Hacker News new | past | comments | ask | show | jobs | submit login
Data Organization in Spreadsheets (tandfonline.com)
77 points by fanf2 8 months ago | hide | past | web | favorite | 27 comments

>"Spreadsheets are often used as a multipurpose tool for data entry, storage, analysis, and visualization. Most spreadsheet programs allow users to perform all of these tasks, however we believe that spreadsheets are best suited to data entry and storage, and that analysis and visualization should happen separately."

in every organization I've worked in, its usually the exact opposite - spreadsheets are used to do analysis and create reports while the source data is coming from other systems (SAP, Salesforce, quickbooks, etc)

Sometimes the spreadsheets are the output of one system, but the input to the next: the spreadsheets of the Office of National Statistics in the UK are the final, and official output of a long chain of number wrangling, but when it comes to re-consuming them to power their new data-driven website it's a real challenge -- I wound up working on a project to allow programmatic consumption of these complex spreadsheets.

(https://github.com/sensiblecodeio/databaker for the top-level project; https://github.com/sensiblecodeio/xypath for the library I created).

Get in touch if you're interested -- dave.mckee@gmail.com

Oh fantastic, I want to do more with the data but the spreadsheets are designed for people rather than machines.
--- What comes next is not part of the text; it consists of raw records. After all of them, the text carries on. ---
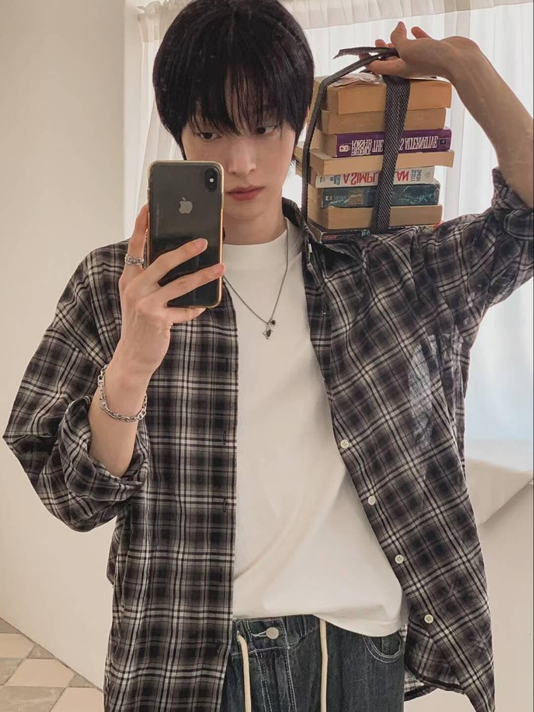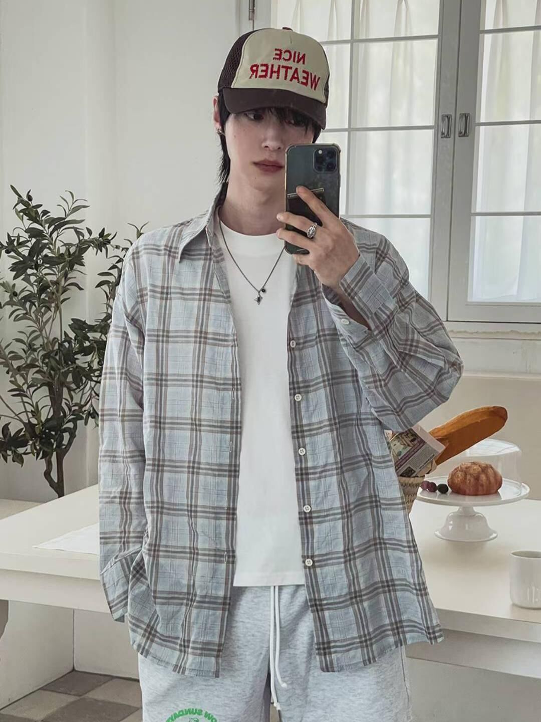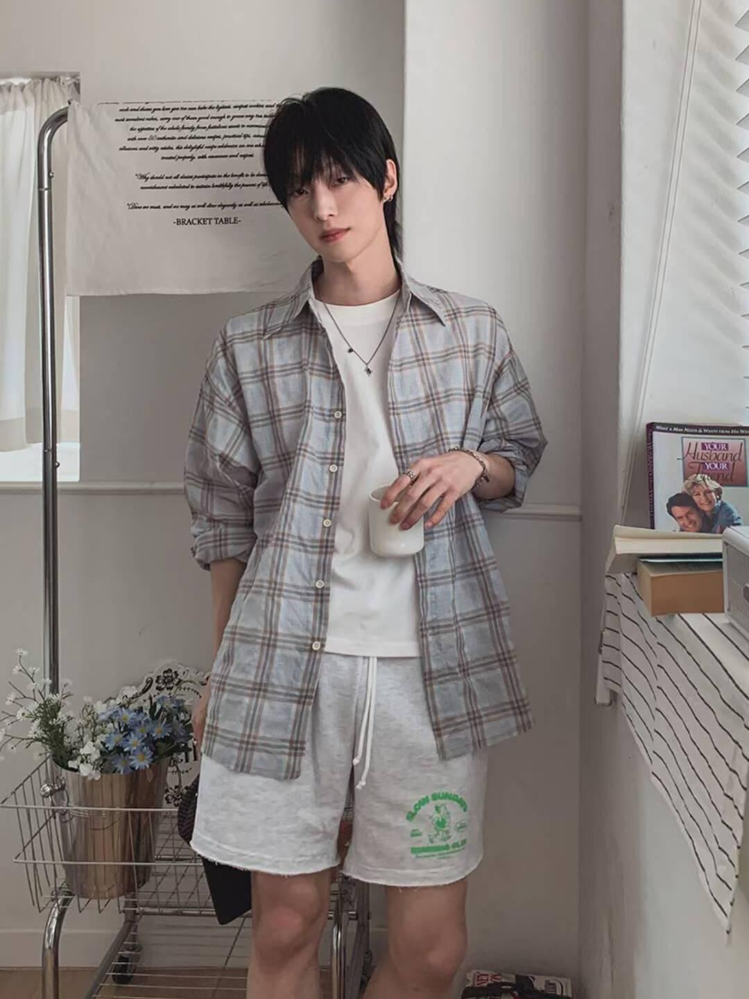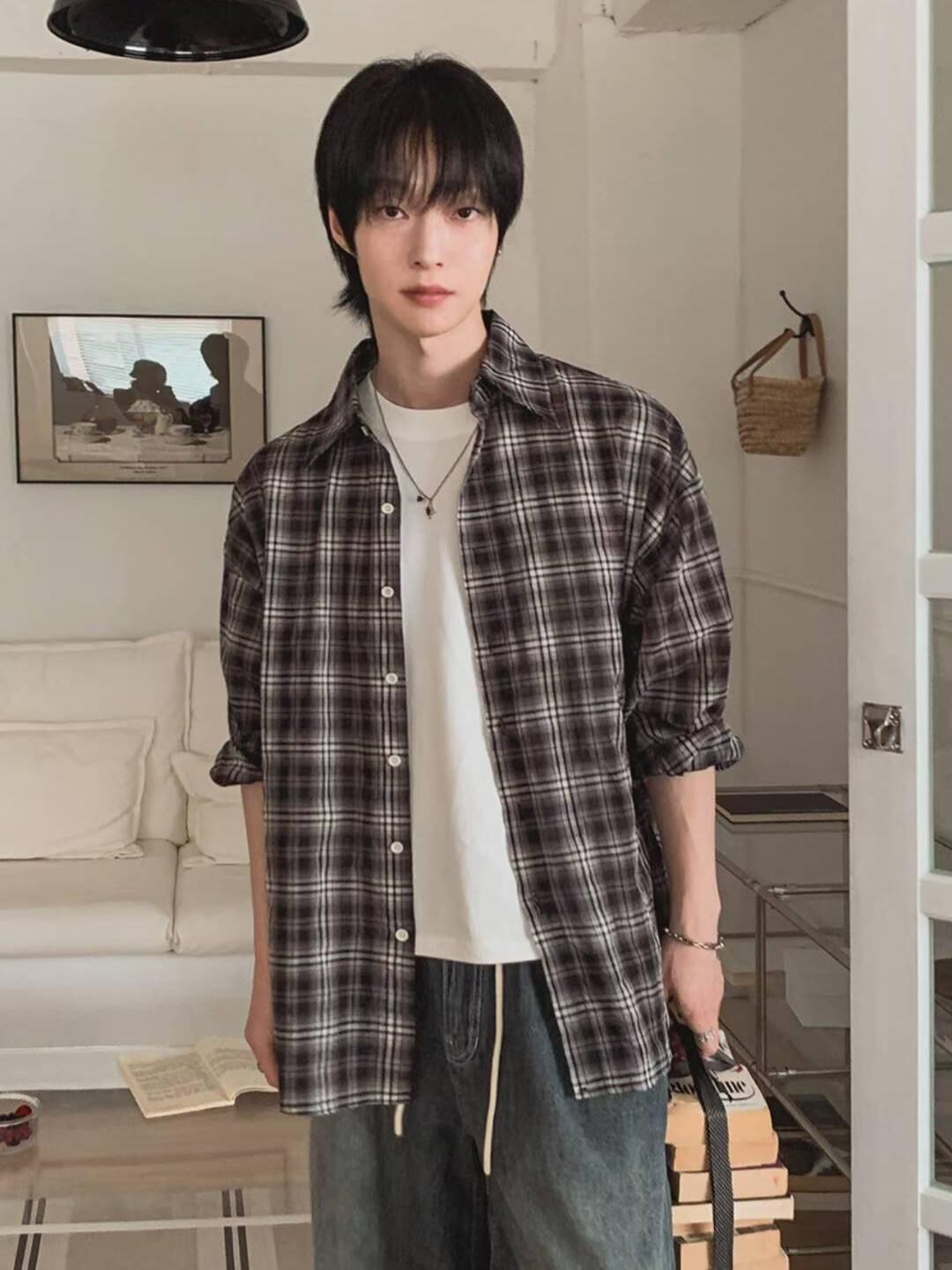 格仔長袖恤衫 ENOC-053S
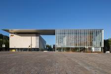 The municipal theater, a blue-ribbon building if ever there was one, stands on the right, encased in a vertically striated glass curtain.
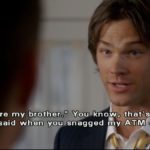 We tend to see the tragedy of What Is And What Should Never Be as Dean and Sam not being close in that dream world as they are in their reality, but what gets me is the reason for that. Dean’s wish was that his mother never died, and in that world — the world that was created in his own head — she raised a family, John was a regular dad who played in a baseball league, and Sam got to go to Stanford and get engaged to Jess. But Dean was still a drunk who lied and stole even from his own family. He was a disappointment to his mother and estranged from his brother. He couldn’t even image himself with Cassie or Lisa. He had to make up a girlfriend from a beer ad. So, the real tragedy of What Is And What Should Never Be is that Dean thinks so little of himself that he couldn’t image himself as a better person. He thinks that his dishonesty, drinking, and stealing are inherent and not a result of the way he was raised and the life he’s lead.
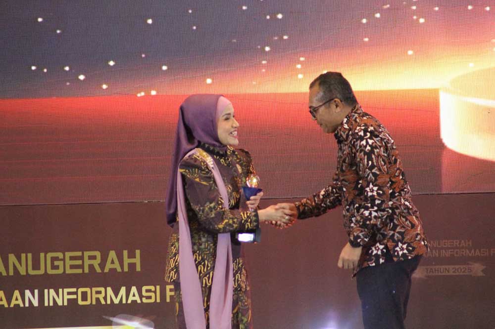 Direktur Human Capital & Compliance BTN Eko Waluyo menerima penghargaan dari Komisioner Bidang Sosialisasi, Edukasi, dan Komunikasi (SEK) Komisi Informasi Pusat (KIP) RI Samrotunnajah Ismail dalam ajang Anugerah Keterbukaan Informasi Publik 2025 di Birawa Assembly Hall, Hotel Bidakara, Senin (15/12). BTN meraih posisi tertinggi pada kategori Badan Usaha Milik Negara (BUMN) Informatif, mengalahkan bank Himbara lainnya. Pencapaian ini menegaskan posisi BTN sebagai bank Himbara terdepan dalam penerapan transparansi, akuntabilitas, dan keterbukaan informasi. Sekaligus mencerminkan kepercayaan publik yang terus terjaga dalam mendukung keuangan berkelanjutan.Foto/Dok-BTN/BUMNTRACK
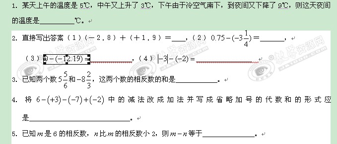 数学:2.6《有理数的加减混合运算》同步练习3(北师大版七年级上)
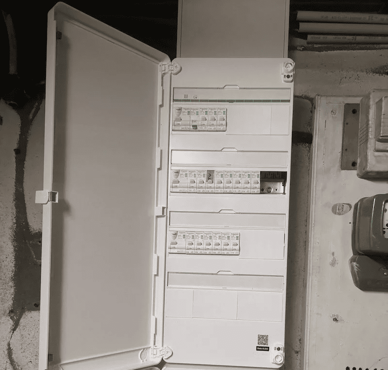 Remise à niveau de l’installation électrique dans une maison de ville avec suppression de l’ancien tableau vétuste, remplacement par un tableau moderne conforme aux normes en vigueur et équipé de disjoncteurs différentiels pour une sécurité optimale, raccordement des circuits existants, vérification des protections et adaptation des lignes si nécessaire, mise aux normes complète de l’installation et amélioration du système de distribution électrique afin de garantir fiabilité et sécurité.
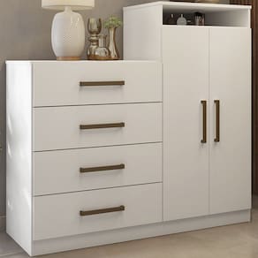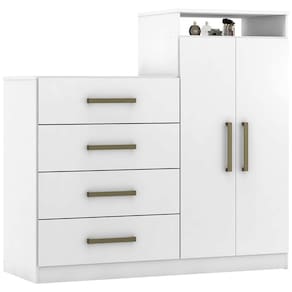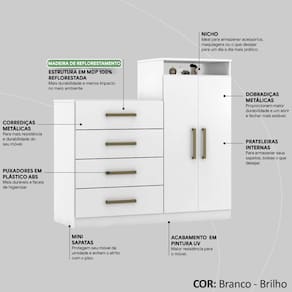 Comoda Sapateira 2 Portas 4 Gavetas 4270, é um produto espaçoso, com design moderno que traz praticidade para seu dia a dia. Estrutura em MDP de 12 e 15 mm, com acabamento em pintura UV. Composta por amplo tampo para acomodar uma decoração especial, nicho para armazenar seus acessórios mais utilizados, 2 portas articuladas com dobradiças metálicas e 2 prateleiras internas, 4 gavetas com corrediças metálicas, puxadores são em plástico ABS mais duráveis e fácil de limpar, e acompanha sapatas plásticas. Além de ampla capacidade de armazenamento, foi desenvolvido para oferecer total conforto e comodidade para você. Este móvel chegará na sua casa separado em 01 volume.
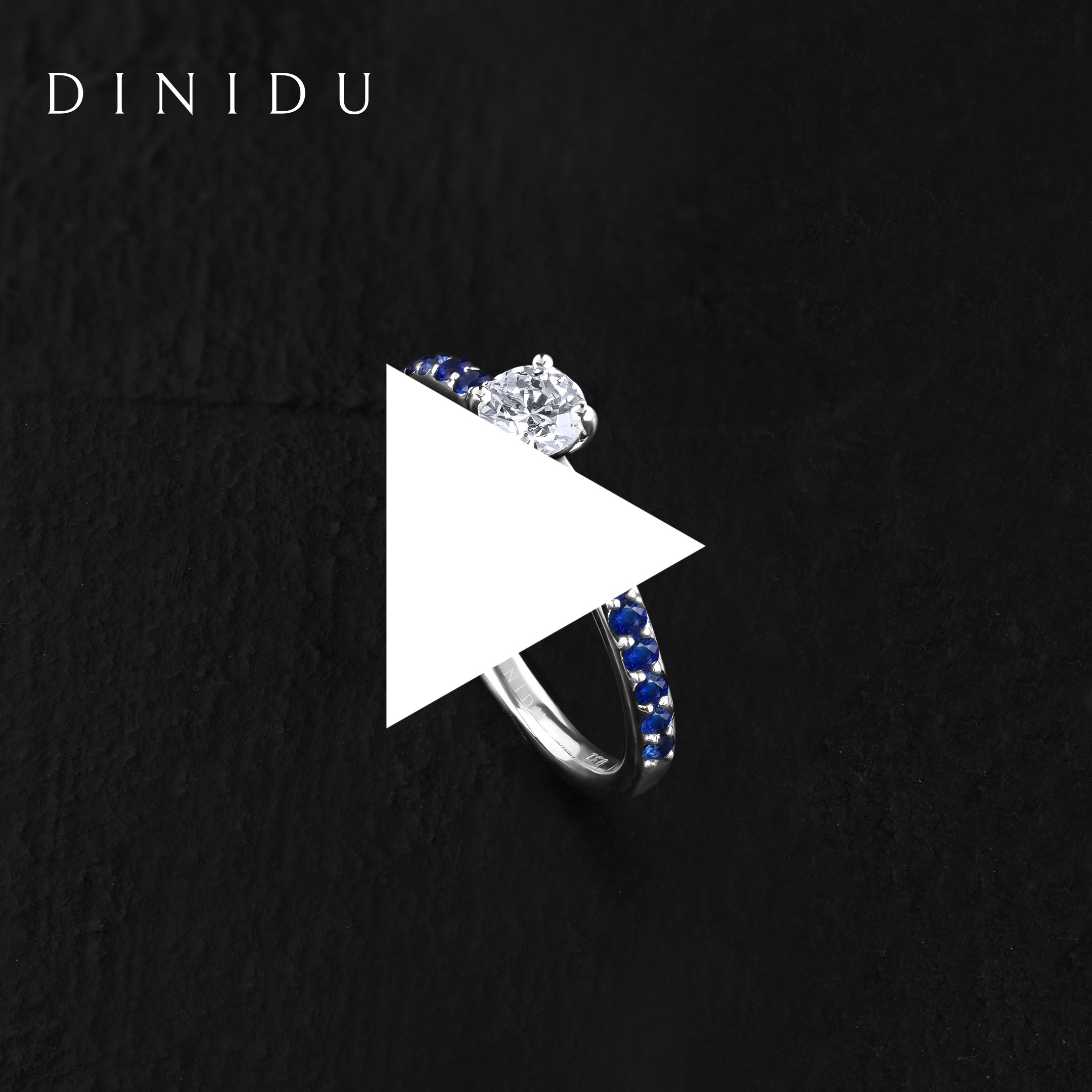 Inspired by the tranquil depths of a midnight sky, where a single, brilliant star shines amidst the serene blue; the Muse Diamond Ring features an elegant round brilliant diamond centre stone with velvety blue sapphire stones decorating the white gold shank.
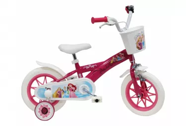 velo 12 princesse pour enfant de 3 a 5 ans cadre acier surbaisse pour enjambement aise direction et pedalier en nylon pignon fixe frein avant calliper carter de chaine integral gardes boue et poignees specifiques pour augmenter la protection de l enfant roues batons pneus eva increvables stabilisateurs montage sans outil panier avertisseur sonore
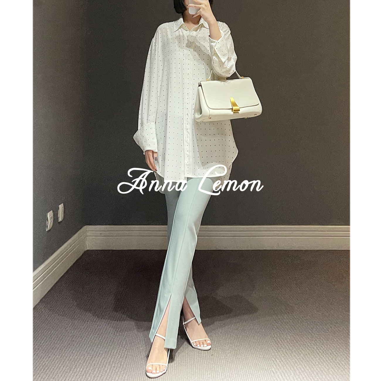 AnnaLemon High-end Digital Smoking Woman Crossed Black Suit Pants Trimming Legthin Middle High Waist

Will have to check this out, thanks!

See also DataWrangler.

No enterprise application is complete until it gets Export to Excel feature.

I've seen and heard from colleagues that there is a lot of data being stored and shared in CSV too ..and then analysis done in excel.

that seems to change as an automation and IT culture starts to develop in an organization; interestingly, IT can sometimes be a barrier to data organization (too slow, cross-org costs etc) and cause people to continue to use CSV and excel.

fwiw - we built a service called "yukon data solutions" that solves these classes of problems for people trying to transition from CSV and spreadsheets into automated and reproducible analytics and reporting.

FYI Yukon was the codename for Microsoft SQL Server 2005. Dunno if you care.

oh - that's cool, didn't know that :) Our's is based on the Canadian Air force CC-106 Yukon.

While I don't necessarily agree with the author there, I don't think there is contradiction between their and your statements. Tools are not necessarily commonly used for what they are best suited for.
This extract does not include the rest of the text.